„Tag des Bades“: Richtige Konzept-Entscheidung

 Verfasst am 07.10.2019

Beim diesjährigen „Tag des Bades“ hatten die Betriebe erstmals die Möglichkeit, frei unter zwei eigenständigen Kampagnen zu den Themen „Gesundheit“ und „Farbe“ zu wählen. Wie die Vereinigung Deutsche Sanitärwirtschaft (VDS) in ihrem Rückblick auf die bundesweite Verbraucheraktion auf Basis eigener Recherchen meldet, erzielte das Konzept in der Praxis die gewünschte Wirkung. Bild: Vereinigung Deutsche Sanitärwirtschaft (VDS)

Von der „richtigen und deshalb auch für die Zukunft tragfähigen Entscheidung“ spricht die Vereinigung Deutsche Sanitärwirtschaft (VDS) in ihrem Rückblick auf den bundesweiten „Tag des Bades“. Damit weist die Branchen-Dachorganisation auf die Akzeptanz des neuen Konzeptes hin, für die am 21. September 2019 zum 15. Mal realisierte Verbraucheraktion zwei eigenständige Kampagnen zu entwickeln.

Die dadurch für die mitwirkenden Betriebe geschaffene Möglichkeit, frei unter den Themen „Gesundheit“ und „Farbe“ zu wählen, habe die „gewünschten Effekte“ erzielt. Darauf lassen jedenfalls, betont Geschäftsführer Jens J. Wischmann, die VDS-Recherchen ebenso schließen wie die eingegangenen Bewertungen. Nach vorläufiger Analyse zeichne sich etwa eine „50/50-Aufteilung“ ab. Dazu passe dann letztlich die redaktionelle Ankündigung einer süddeutschen Tageszeitung, die die beiden zentralen Slogans zur Überschrift „Wohlgefühl in bunter Mischung“ kombinierte.

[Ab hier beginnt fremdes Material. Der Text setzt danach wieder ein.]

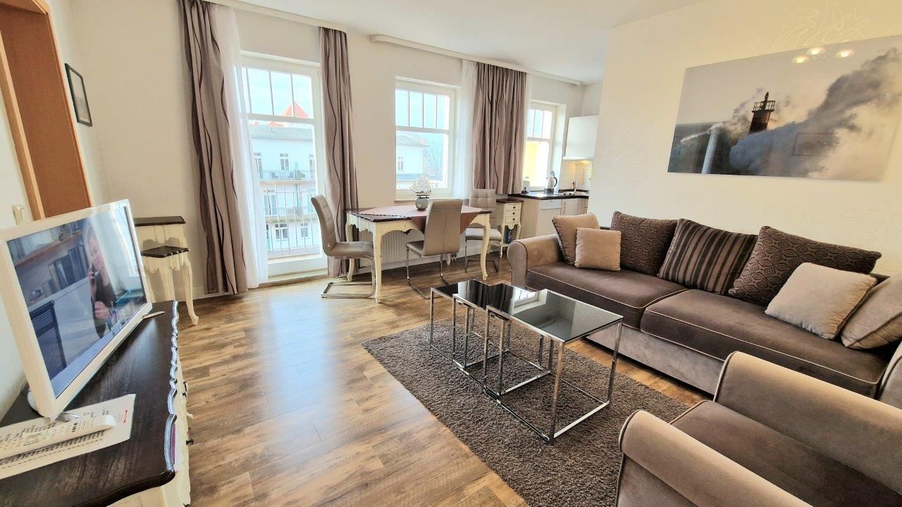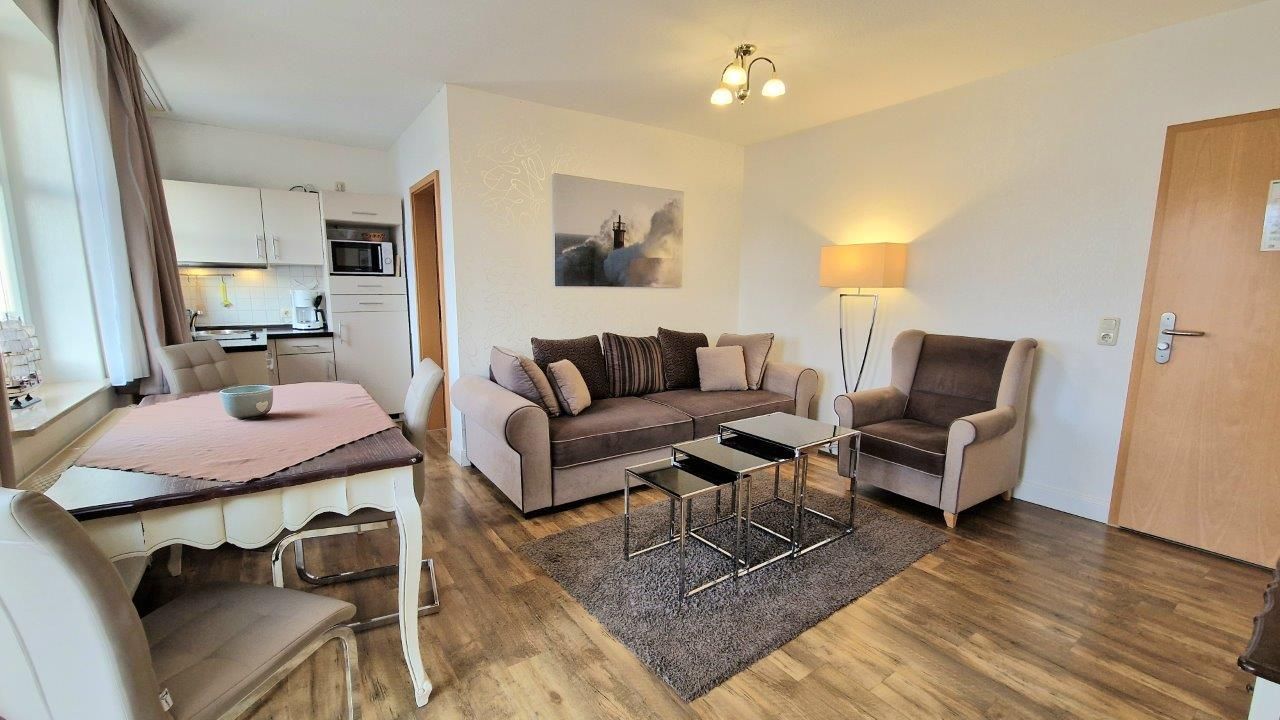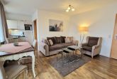 Unsere Zweiraumappartements für bis zu drei Personen haben eine Wohnfläche von 35 bis 55 m². Im Wohnzimmer laden gemütliche Sessel oder Couchen zur Entspannung ein.

Auch dieses Veröffentlichungs-Beispiel beruhe im Übrigen auf der wieder umfassenden nationalen Kommunikations- und Medienarbeit. Ihr breites und professionell verzahntes Spektrum sorgte, wie es heißt, erneut für ein starkes flächendeckendes Echo. Es reiche weit über den „klassischen und natürlich nach wie vor unverzichtbaren Print-Bereich“ hinaus. Die stetig wachsende Online-Präsenz zeige, wie gut die zentrale Bad-Kommunikation ferner auf der digitalen Ebene funktioniere. Der anhaltende Erfolg der Maßnahmen basiert laut Wischmann auf den einzelnen Modulen der systematischen PR-, Internet- und Social Media-Aktivitäten einerseits und ihrer konsequenten Vernetzung andererseits. Die medienübergreifende Integration der Badbotschafterin Franziska van Almsick schlage hier ebenso positiv zu Buche wie die aktuelle Informations-Vielfalt auf den Websites www.gutesbad.de und www.sanitaerwirtschaft.de. Erfreulich sei in dem Kontext die größere Verlinkungs-Bereitschaft innerhalb der Branche. All das fördere die Aufmerksamkeit für den „Tag des Bades“.